> [Input data]:

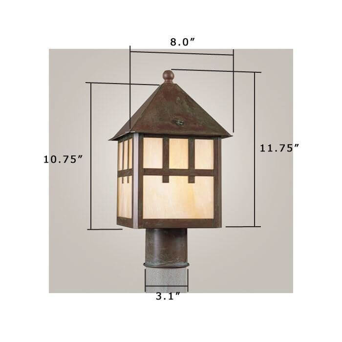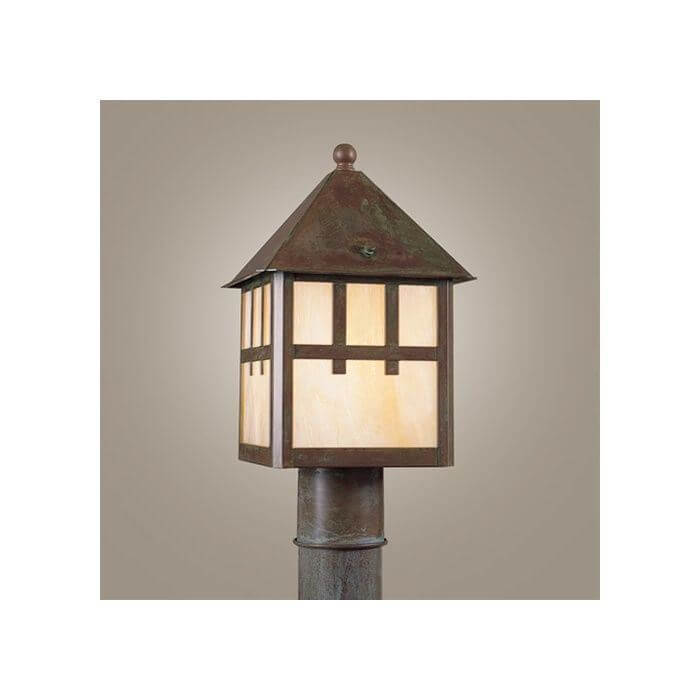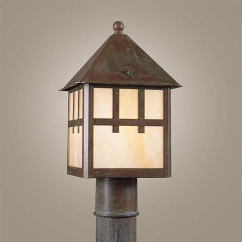 We designed the Bungalow Lantern exterior light to meet the needs of homeowners across the country seeking an inspired outdoor lighting choice for their Bungalow home. This American classic is famous for its affordability, durability and versatility of design elements. For a traditional Arts & Crafts exterior lighting look, use the Craftsman or Foursquare Overlay options. This handcrafted outdoor lantern looks perfect with Bungalow, American Craftsman, and Shingle Style architecture on seaside cottages, beach houses, log homes, historic carriage houses, and rustic cabins. The Horizontal Bar overlay option gives a crisp modern exterior lighting appearance and is popular with owners of contemporary and modern homes. Choose the Bungalow Lantern 8 inch Wide Exterior Post Light for front yards, to mark driveways, to line walkways, or as accent lights around your outdoor entertaining areas. If you need assistance determining the best metal finish choice, art glass option, or decorative overlay for your Bungalow Lantern, please contact our sales team for expert lighting advice.
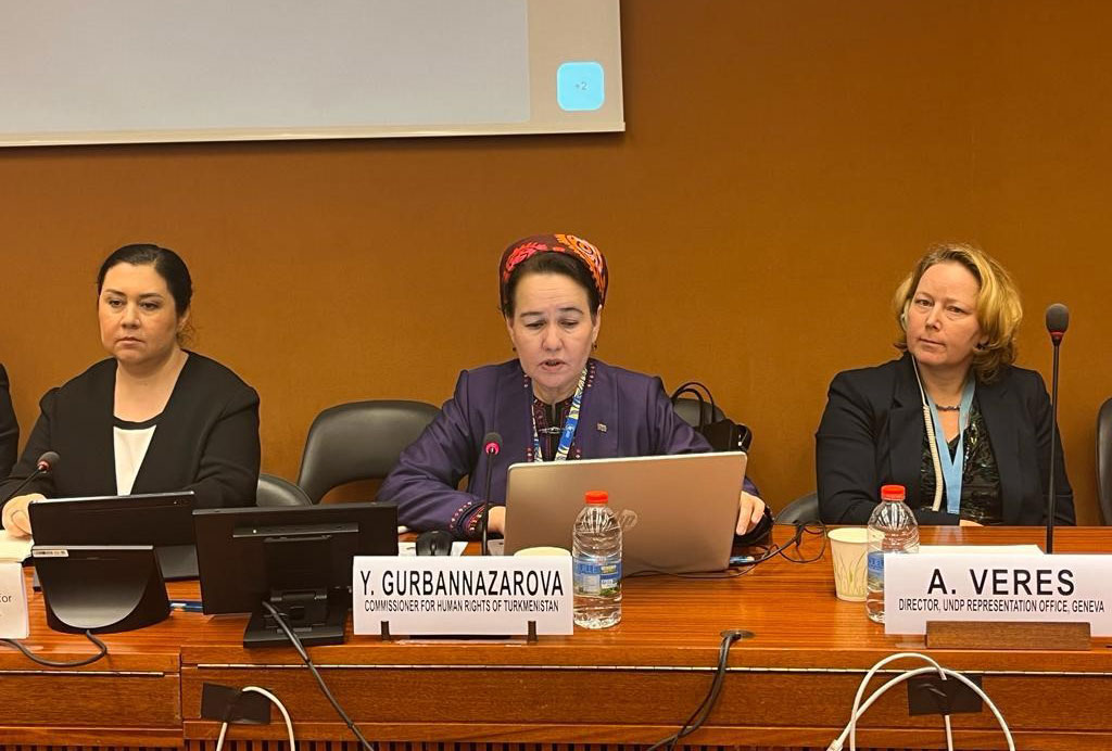 Türkmenistanyň Adalatçysy 11-nji dekabrda Birleşen Milletler Guramasynyň Adam Hukuklary boýunça Ýokary Komissarlygynyň edarasy tarapyndan guralan ýokary derejeli konferensiýada we hökümete degişli bolmadyk BDG guramanyň, şeýle hem INHR guramanyň, Gazagystanyň, Türkmenistanyň we Özbegistanyň milli adam hukuklary guramalarynyň şol bir wagtda geçiren çäresinde çykyş etdi.
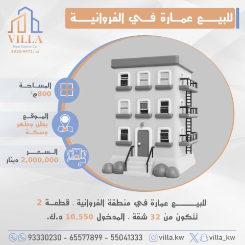 للبيع: عمارة في منطقة الفروانية، قطعة 2، مساحتها 800 متر مربع. الموقع بطن وظهر وسكة. تتكون من 32 شقة، المدخول 10550 دينار كويتي. السعر 2000000 دينار كويتي. للاستفسار، اتصل بالرقم 1، الرقم 2، الرقم 3.
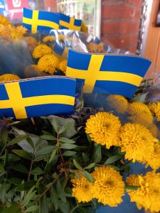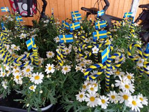 Und in den „normalen“ Geschäften rüstet man sich für die Midsommar-Feier. Übrigens das zweitwichtigste Familienfest der Schweden nach Weihnachten.
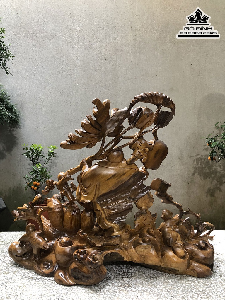 Tượng Phật Di Lặc Ngũ Phúc Đứng Hoa Sen Gỗ Bách Xanh Cao 56 Ngang 73 Sâu 36 (cm)

> [How to complete this task]: Before answering, please find the line containing "Schweden nach Weihnachten." above, then copy exactly from it through the last line of the entries, both included, without pictures.

> [Answer to this task]:
 Und in den „normalen“ Geschäften rüstet man sich für die Midsommar-Feier. Übrigens das zweitwichtigste Familienfest der Schweden nach Weihnachten.
 Tượng Phật Di Lặc Ngũ Phúc Đứng Hoa Sen Gỗ Bách Xanh Cao 56 Ngang 73 Sâu 36 (cm)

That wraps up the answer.